Based on the supervised learning algorithm, after the accumulation of scene corpus data exceeds the set threshold of the number of scene corpus samples, the word vector v related in the text _w As a supervised learning modelInputting, using supervised learning models including, without limitation, ESIM, biMPM, DIIN, cafe, ELmo, GPT, or Bert, a second scene text vector.

(4) Calculating and sequencing the text similarity of the first scene text vector, the second scene text vector and the text to be matched, outputting the text with the highest similarity value to the client, and acquiring a corrected text matching result from the client to obtain a text matching pair; the text matching pairs are stored to build a text matching library.

Marking a first scene text vector output by the unsupervised learning model as v _{s_unsupervised} (ii) a Marking a second scene text vector output by the supervised learning model as v _{s_supervised} 。
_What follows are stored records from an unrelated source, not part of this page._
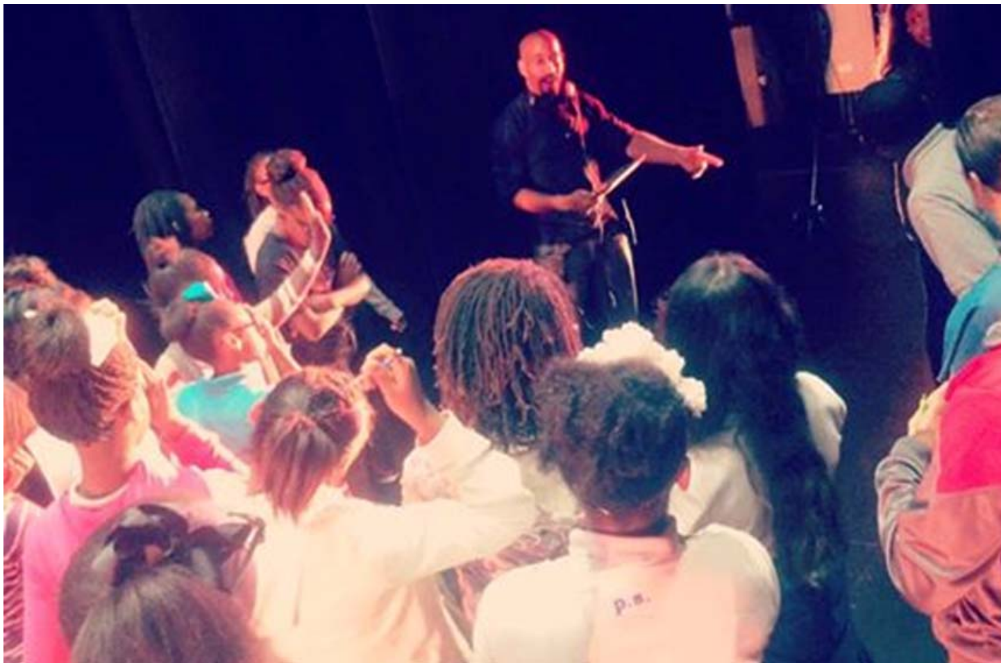
Theater Etiquette Workshop for Mays Conservatory (March 16 and 19)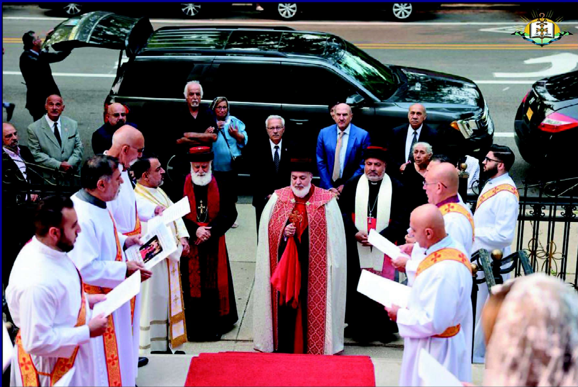
His Holiness Mar Awa III, Catholicos-Patriarch blessing and officially opening the St. Mar Yosip Khannisho Chapel at St. George Cathedral in Chicago, Illinois.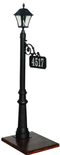
Single Post Floor Display (#DISP-SPF)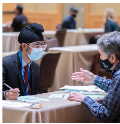
Our organization created the first student-led Diversity, Equity and Inclusion Student Ambassador Team who executed several initiatives in support of a more inclusive organization.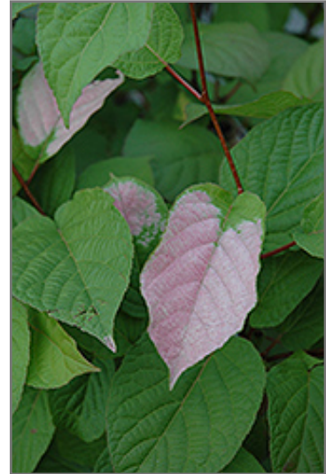
September Sun Kiwi foliage

September Sun Kiwi is recommended for the following landscape applications;

Sequentially measuring the text similarity of the first scene text vector, the second scene text vector and the text vectors in the text matching library, wherein the measuring index adopts cosine distance, and the calculation formula is as follows:

wherein the content of the first and second substances,

cosine similarity, v, calculated for unsupervised models _{offline_unsupervised} For a preselected text vector to be matched for the unsupervised model,

cosine similarity, v, calculated for supervised models _{offline_supervised} The text vectors to be matched are pre-selected corresponding to the supervised model.

Under the condition that only a few scene samples exist initially, only the text vector output by the unsupervised learning model is used, and the similarity of the text is calculated by using the cosine distanceDegree; and after the scene samples are accumulated to exceed the set threshold value of the number of the scene corpus samples, combining a small amount of initial sample data, outputting text vectors of a supervised learning model and an unsupervised learning model, and respectively calculating the text similarity by utilizing the preselected distance. A weight distribution is made according to the text similarity of the unsupervised model and the supervised model, and the weights are respectively alpha _unsupervised And alpha _supervised (before scene samples accumulate no updates, α _unsupervised ＝1,α _supervised = 0), the text similarity calculation formula is as follows:

wherein the content of the first and second substances,

for the cosine similarity calculated by the supervised model,

and calculating the cosine similarity obtained by the unsupervised model.
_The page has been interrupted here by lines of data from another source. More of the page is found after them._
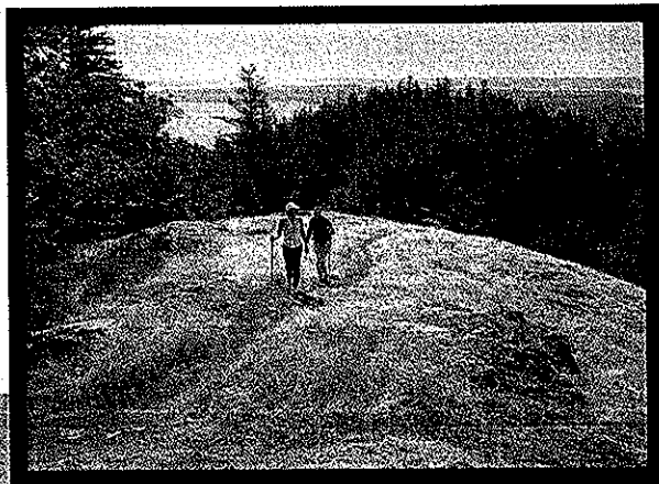
Denver's Confluence Park. ABOVE Turtleback Mountain Preserve on Orcas Island, WA.

3 CORONADO, CA Your dog can ride the waves at the Su-Ruff Camp hosted by Loews Coronado Bay Resort ( loewshotels.com or 800/815-6397), 20 minutes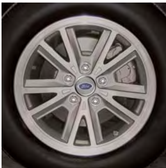
16" Painted Aluminum Wheel w/Bright Machined Face Std. on V6 Deluxe (94B)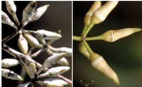
▲ Blakely's Red Gum identifying characteristics: Bud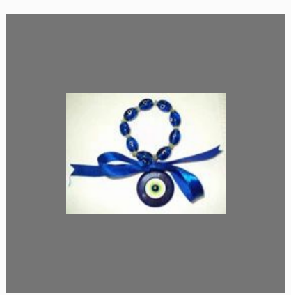
Nazar Suraksha Kavacha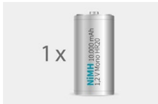
Rechargeable battery NiMH 1,2 V Mono HR20/10.000 mAh Item No. 5920001006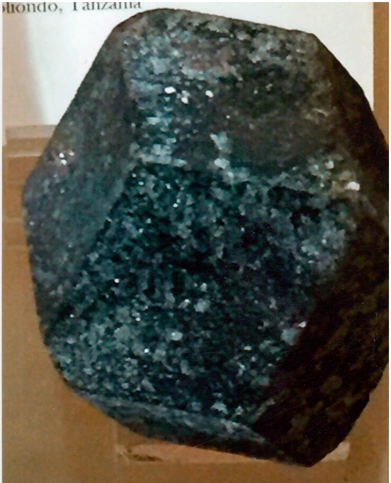
FIGURE 5: THE PATERSON SPECIMEN.

(5) And iteratively optimizing the unsupervised learning model and the supervised learning model according to the text matching pairs in the text matching pair library.
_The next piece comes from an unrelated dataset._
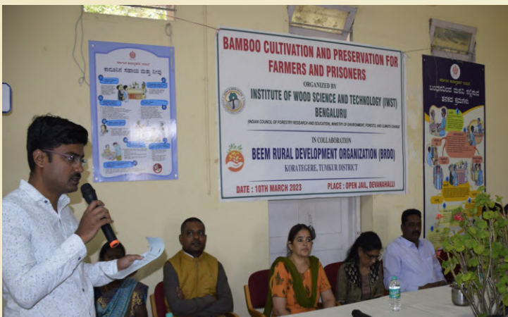
Training on Bamboo cultivation, Seasoning and Preservation

Updating the frequency p (w) of the participle w according to the established and maintained text matching library, and the text vector v of the text matching library _s And calculating a text vector aiming at the texts input into the system subsequently according to the updated maximum principal component vector u.

According to the established and maintained text matching library, incremental text matching data are input into a supervised learning model, and the supervised learning model comprises ESIM, biMPM, DIIN, cafe, ELmo, GPT or Bert without limitation, so that the supervised model is ensured to complete continuous optimization of parameters under specific scene data corpora.

(6) And correcting the calculation formula of the text similarity according to the text matching correction feedback of the client so as to gradually improve the accuracy of the unsupervised learning model and the supervised learning model.

(6.1) comparing the matched text results output by using the unsupervised model and the supervised model with the text matching results fed back by the client based on the newly added data of the text matching library, and respectively recording the misjudgment rates of the statistical models as the misjudgment rates e of the unsupervised models _unsupervised And the misjudgment rate e of the supervised model _supervised 。

(6.2) parameter α of formula for calculating text similarity _supervised And alpha _unsupervised The following calculation operations are respectively executed for parameter updating:

wherein, there is a first weight alpha corresponding to the supervision model _supervised And updating the ratio of the unsupervised model misjudgment rate to the total misjudgment rate. Second weight alpha corresponding to unsupervised model _unsupervised And updating the ratio of the error rate of the supervised model to the total error rate.

(7) The method further comprises the following steps: scene corpus data is obtained and used as a test sample, and the test sample is input into an unsupervised learning model and a supervised learning model which are well iterated, so that a matched text result is obtained.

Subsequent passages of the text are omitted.